++++ The data ++++

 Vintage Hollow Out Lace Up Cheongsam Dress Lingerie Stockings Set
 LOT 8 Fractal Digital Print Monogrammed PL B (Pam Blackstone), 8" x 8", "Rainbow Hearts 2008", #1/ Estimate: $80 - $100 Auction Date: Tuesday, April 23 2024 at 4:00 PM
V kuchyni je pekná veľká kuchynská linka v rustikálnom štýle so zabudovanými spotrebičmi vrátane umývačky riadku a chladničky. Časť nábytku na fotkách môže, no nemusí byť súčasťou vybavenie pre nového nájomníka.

++++
++++ The data ++++

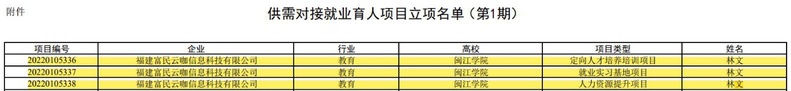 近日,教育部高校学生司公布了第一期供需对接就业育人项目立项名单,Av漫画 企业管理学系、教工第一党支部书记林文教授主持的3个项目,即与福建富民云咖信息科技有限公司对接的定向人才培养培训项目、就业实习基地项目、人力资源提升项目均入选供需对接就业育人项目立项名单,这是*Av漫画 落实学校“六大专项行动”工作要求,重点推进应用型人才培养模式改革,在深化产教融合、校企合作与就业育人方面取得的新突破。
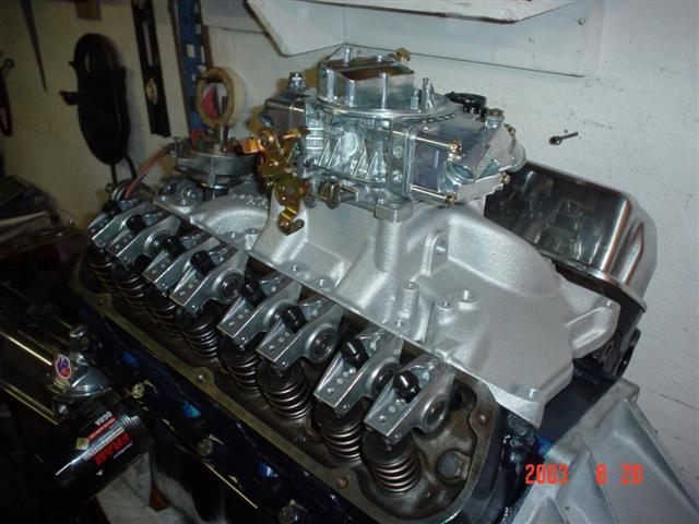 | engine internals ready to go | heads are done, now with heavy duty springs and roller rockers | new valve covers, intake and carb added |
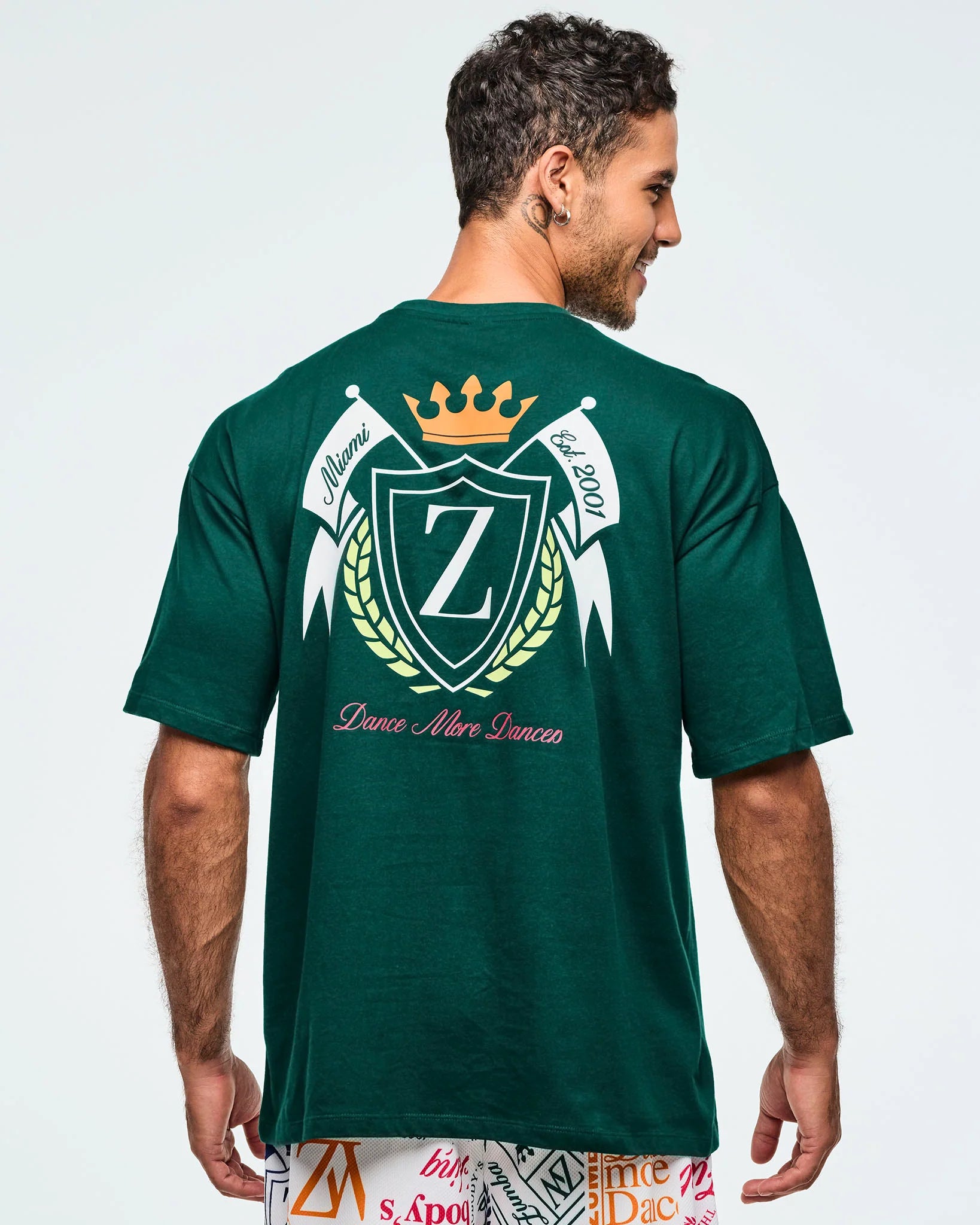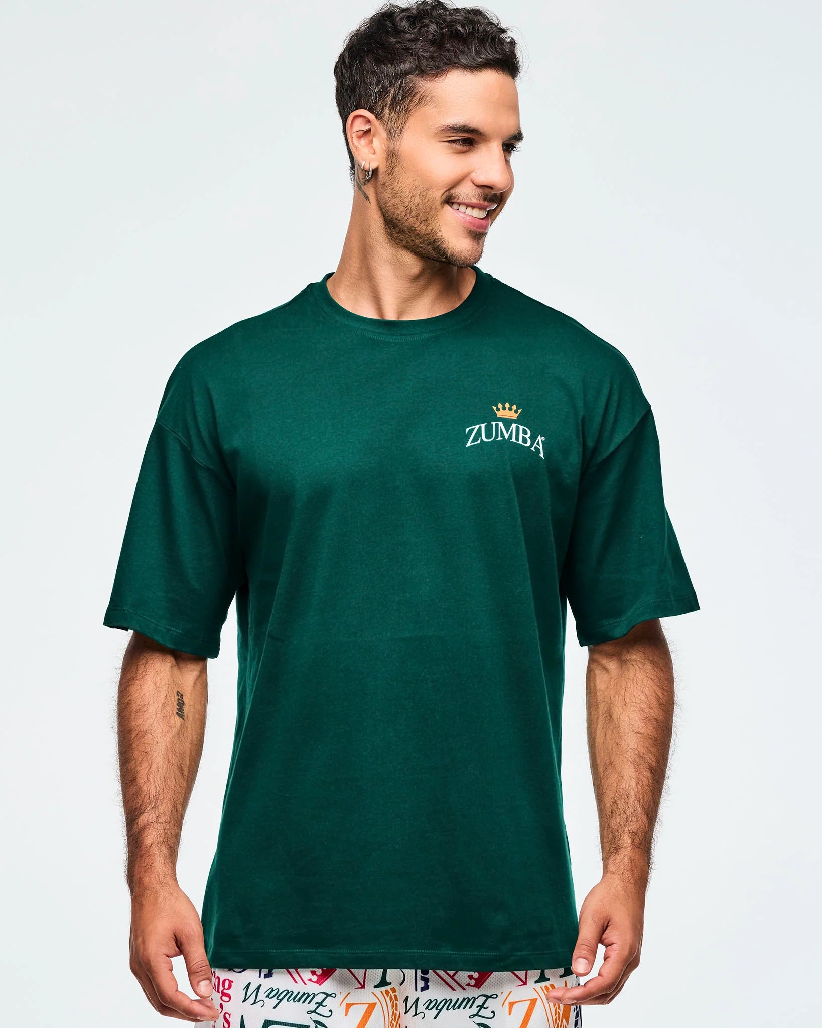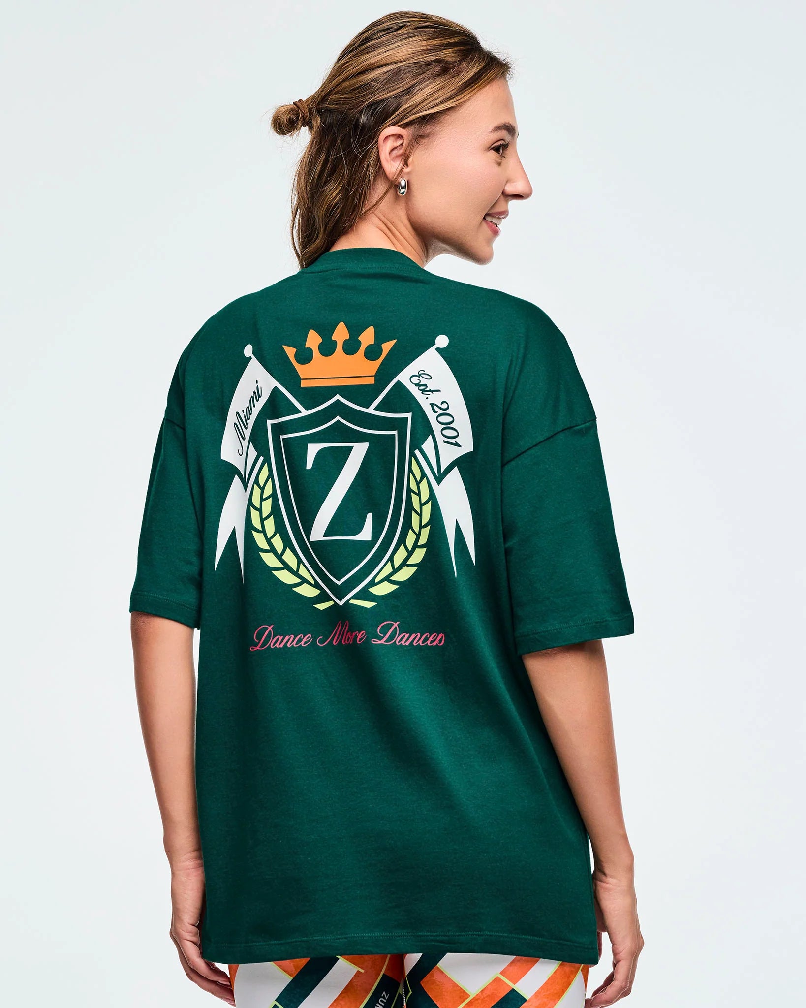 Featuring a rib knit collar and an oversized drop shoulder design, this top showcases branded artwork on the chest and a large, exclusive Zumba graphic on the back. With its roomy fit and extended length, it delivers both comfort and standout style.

++++

Task statement
Your task for the entries above: copy exactly the span starting with the line with "LOT 8 Fractal" and going on through the line with "V kuchyni je", both lines included, and nothing else.

Result of this exercise
 LOT 8 Fractal Digital Print Monogrammed PL B (Pam Blackstone), 8" x 8", "Rainbow Hearts 2008", #1/ Estimate: $80 - $100 Auction Date: Tuesday, April 23 2024 at 4:00 PM
V kuchyni je pekná veľká kuchynská linka v rustikálnom štýle so zabudovanými spotrebičmi vrátane umývačky riadku a chladničky. Časť nábytku na fotkách môže, no nemusí byť súčasťou vybavenie pre nového nájomníka.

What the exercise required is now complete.